----- Supplied material -----

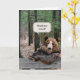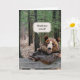 A bear humorously poses with its paws resting on a wooden picnic table in a forest setting for a retirement
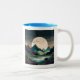 An abstract landscape of a massive supermoon in a mountain lake scene with a flock of birds in bold textures and dark earthy tones of brown, beige, tan, blue, cyan, and black.
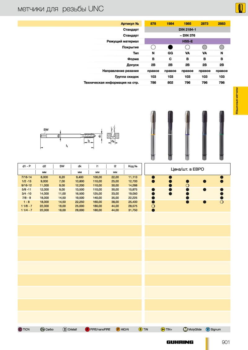 метчики для резьбы UNC Артикул Ns 878 1984 1985 2873 2883 Стандарт DIN 2184-1 Стандарт ~ DIN 376 Режущий материал HSS-E Покрытие О • О О О Тип N GG VA VA N Форма В С В В В Допуск 2В 2В 2В 2В 2В Направление резания правое правое правое правое правое Группа скидок 103 103 103 103 103 Техническая информация на стр. 786 802 796 796 798 Машинные метчики d1 - Р d2 SW dk I2 '1 Код № Ц е н а/ш т . в Е В Р О М М М М М М М М 7/16-14 8,000 6,20 9,400 100,00 22,00 11,113 1/2-13 9,000 7,00 10,800 110,00 25,00 12,700 9/16-12 11,000 9,00 12,200 110,00 30,00 14,288 О 5/8 -11 12,000 9,00 13,500 110,00 30,00 15,875 3/4-10 14,000 11,00 16,500 125,00 33,00 19,050 7/ 8-9 18,000 14,50 19,500 140,00 35,00 22,225 1 - 8 18,000 14,50 22,250 160,00 38,00 25,400 о 1 1 / 8- 7 22,000 18,00 25,000 180,00 44,00 28,575 О 1 1 / 4- 7 22,000 18,00 28,000 180,00 44,00 31,750 © TiCN @ Carbo © C r is ta ll ф FIRE/nanoFIRE (?) AlCrN (§) TiN @ TiN+ MolyGlide © ) Signum
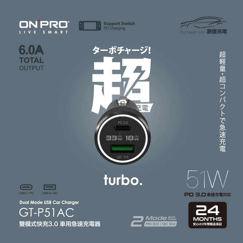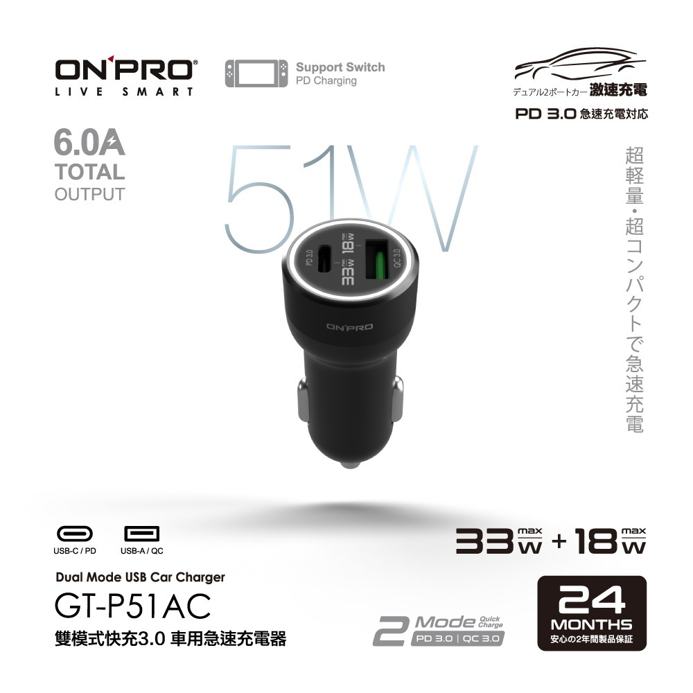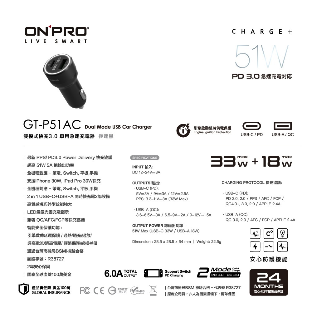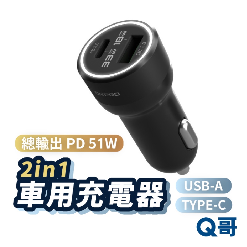 ONPRO GT-P51CA 雙模式車充 車用充電器 typeC USB雙孔快充 車充快充 PD51W 點煙器 ON13車神黑USB Chargers, FM & Bluetooth TransmittersQ哥 旗艦商城|最專業的保護貼手機配件
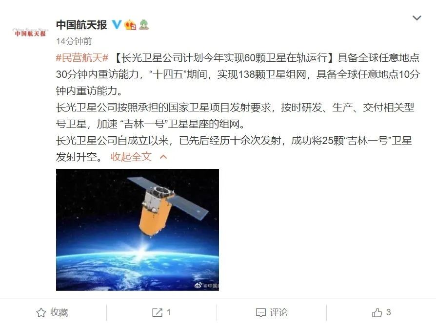 長光衛(wèi)星表示,將在 “十四五”期間實(shí)現(xiàn) 138 顆衛(wèi)星組網(wǎng),未來能夠?qū)崿F(xiàn)全球任意地點(diǎn) 10 分鐘重坊能力,建成覆蓋全球的高精度光學(xué)監(jiān)測網(wǎng)絡(luò)。

-----

What is being asked:
Repeat the data in full, exactly as it stands, but drop every picture.

Reply:
 A bear humorously poses with its paws resting on a wooden picnic table in a forest setting for a retirement
 An abstract landscape of a massive supermoon in a mountain lake scene with a flock of birds in bold textures and dark earthy tones of brown, beige, tan, blue, cyan, and black.
 метчики для резьбы UNC Артикул Ns 878 1984 1985 2873 2883 Стандарт DIN 2184-1 Стандарт ~ DIN 376 Режущий материал HSS-E Покрытие О • О О О Тип N GG VA VA N Форма В С В В В Допуск 2В 2В 2В 2В 2В Направление резания правое правое правое правое правое Группа скидок 103 103 103 103 103 Техническая информация на стр. 786 802 796 796 798 Машинные метчики d1 - Р d2 SW dk I2 '1 Код № Ц е н а/ш т . в Е В Р О М М М М М М М М 7/16-14 8,000 6,20 9,400 100,00 22,00 11,113 1/2-13 9,000 7,00 10,800 110,00 25,00 12,700 9/16-12 11,000 9,00 12,200 110,00 30,00 14,288 О 5/8 -11 12,000 9,00 13,500 110,00 30,00 15,875 3/4-10 14,000 11,00 16,500 125,00 33,00 19,050 7/ 8-9 18,000 14,50 19,500 140,00 35,00 22,225 1 - 8 18,000 14,50 22,250 160,00 38,00 25,400 о 1 1 / 8- 7 22,000 18,00 25,000 180,00 44,00 28,575 О 1 1 / 4- 7 22,000 18,00 28,000 180,00 44,00 31,750 © TiCN @ Carbo © C r is ta ll ф FIRE/nanoFIRE (?) AlCrN (§) TiN @ TiN+ MolyGlide © ) Signum
 ONPRO GT-P51CA 雙模式車充 車用充電器 typeC USB雙孔快充 車充快充 PD51W 點煙器 ON13車神黑USB Chargers, FM & Bluetooth TransmittersQ哥 旗艦商城|最專業的保護貼手機配件
 長光衛(wèi)星表示,將在 “十四五”期間實(shí)現(xiàn) 138 顆衛(wèi)星組網(wǎng),未來能夠?qū)崿F(xiàn)全球任意地點(diǎn) 10 分鐘重坊能力,建成覆蓋全球的高精度光學(xué)監(jiān)測網(wǎng)絡(luò)。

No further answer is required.